Cerebras To Ride The AI Wave To An IPO This Year?

Having commercialized its waferscale AI computing platform to a certain extent over the past several year, Cerebras Systems reportedly wants to get an initial public offering done before the AI hype peaks.

Citing several unnamed sources, Bloomberg reports that executives at Cerebras recently began meeting with advisors regarding a public offering that would value the company in excess of $4 billion, possibly sometime in the second half of 2024.

Founded in 2016, Cerebras Systems is a bit of an odd duck as chip startups go. Rather than developing chips for PCI-Express cards or a module like Nvidia’s SXM or the ones used by AMD and Intel for their GPUs for conventional systems, each of the chipmaker’s WSE-2 parts is built from a single wafer that houses 850,000 cores and 40 GB of SRAM. (You can find our deep dive into the Cerebras waferscale systems here.)

This unorthodox approach to chip design has helped the chipmaker secure $715 million in venture capital across six funding rounds. Its most recent, brought in $250 million in 2021. At the time, the company was valued at $4 billion. In the two years since, the company has gone on to demonstrate the practical application of its CS-2 systems at scale with the launch of the Andromeda AI supercomputer in 2022..

Composed of 16 CS-2 nodes and 284 AMD Epyc processors, the Andromeda system is capable of squeezing 120 petaflops of dense FP16 performance, or as much as an exaflop when employing sparsity, from half a megawatt of juice.

As it turned out, Andromeda was just a precursor to a far larger deployment commissioned by Abu Dhabi-based G42 announced last summer. Under the agreement with G42, Cerebras has begun construction of a distributed cluster of nine AI supercomputers based on its CS-2 architecture called Condor Galaxy. The complete cluster will eventually span nine sites and total 36 exaflops – 4 exaflops each – of sparse half-precision grunt, and will be used to train a variety of AI models for G42 and others.

Valued at approximately $100 million a site, the project is also Cerebras’ largest contract to date. Following the deployment of the first site at Colovore’s liquid-cooled datacenter in Santa Clara last summer, Cerebras and partner G42 have already begun churning out large language models (LLMs), demonstrating the system’s ability to compete with more mature platforms from Nvidia.

Recent successes at Cerebras haven’t been without controversy, however.

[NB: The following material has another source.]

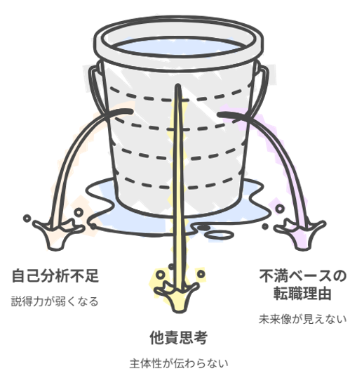 自己分析が不足すると面接で話す内容が表面的になり、「前職が悪い」という説明はネガティブに受け取られると同時に、企業から求職者の未来像が見えにくくなってしまいます。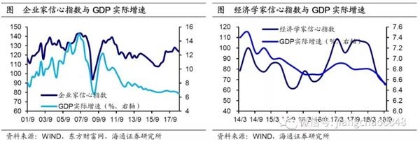 经济趋缓,为何信心高企?消费者信心指数与消费增速脱节。从国家统计局发布的消费者信心指数上来看,从16年下半年开始其与消费增速就出现明显脱节,并且与居民消费支出同样难以吻合,而非官方机构发布的数据呈现同一趋势,收入端也发现预期与现实的差距走扩。实际收入偏低的情况下,消费者对经济和收入的信心从何而来?归根结底,消费者信心的高企还是同房地产有关。我国房价增速大约领先消费者信心指数三至四个季度。15年三季度房价同比增速降幅开始收窄,此后更是一路升至高位,带动消费者信心指数触底回升。虽然居民整体收入改善程度不高,但是与房产相关的财产性收入大幅增长,这进一步强化了消费者信心,通过加杠杆来补充购房资金,甚至在地产政策收紧后不少采用了短期消费贷款形式。消费者信心并未作用于消费,却体现在了房市!企业家、银行家、经济学家对经济信心高涨。除消费者外,官方机构还分别就企业家、银行家和经济学家的调查编制了宏观经济信心指数,它们均反映出16年底至18年初对宏观经济的信心高涨。这一时期经济运行的典型特征即是GDP名义与实际增速的分化,企业家信心指数随GDP名义增速带动上行,而背后的推手来自于去产能导致的工业品价格上升。PPI增速上升使得企业利润改善,16年至17年工业企业利润增速年均提高10个百分点以上,18年保持高位。在企业利润回暖的情况下,企业家信心的走高自然也在情理之中。

Late last year, reports surfaced revealing that G42 was suspected by US intelligence agencies of secretly furnishing compute resources to Chinese interests. In response, G42 quickly announced plans to phase out Chinese equipment in a bid to assuage the United States.

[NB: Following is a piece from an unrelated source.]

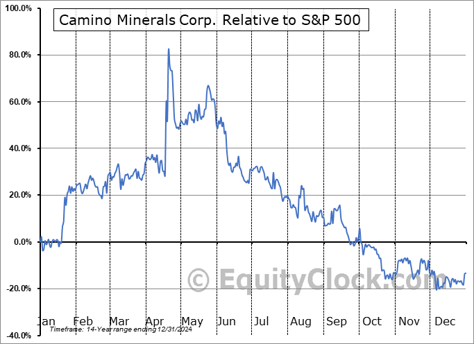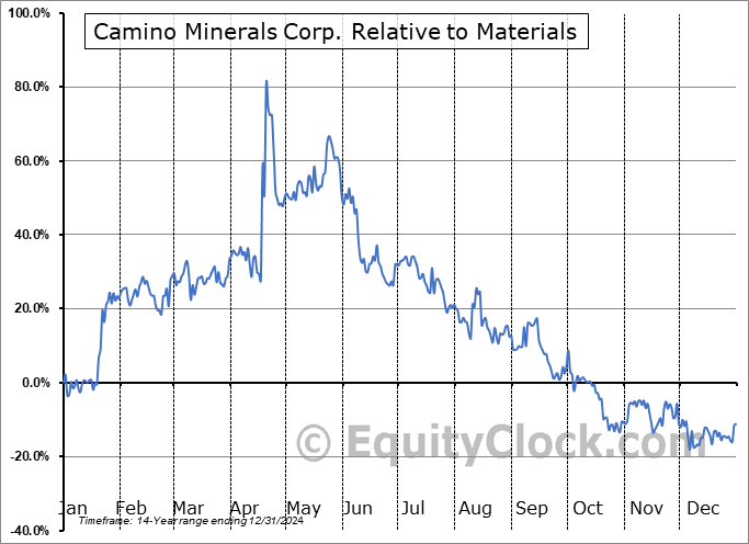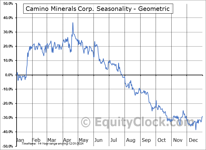 Analysis of the Camino Minerals Corp. (TSXV:COR.V) seasonal charts above shows that a Buy Date of December 18 and a Sell Date of April 3 has resulted in a geometric average return of 38.43% above the benchmark rate of the S&P 500 Total Return Index over the past 14 years. This seasonal timeframe has shown positive results compared to the benchmark in 11 of those periods. This is a good rate of success and the return strongly outperforms the relative buy-and-hold performance of the stock over the past 14 years by an average of 75.89% per year.

Whether or not Cerebras will actually move forward with an IPO this year remains to be seen. Bloomberg reports that the company is also in talks to raise funds for a seventh funding round, which we suspect may push back the initial offering to 2025. It is unusual for a tech company to do more than a Series F (sixth round) of funding, but with the demand for AI application acceleration being at a fever pitch, there is probably room for an exception for Cerebras.

Rival SambaNova Systems has raised $1.1 billion in four rounds and had a $5 billion valuation in April 2021 when it did its Series D round of $676 million. SambaNova has been taking down money in bigger bites, and depending on the appetite for capital and the availability of it, if Cerebras goes public this year and does well, then SambaNova will probably follow.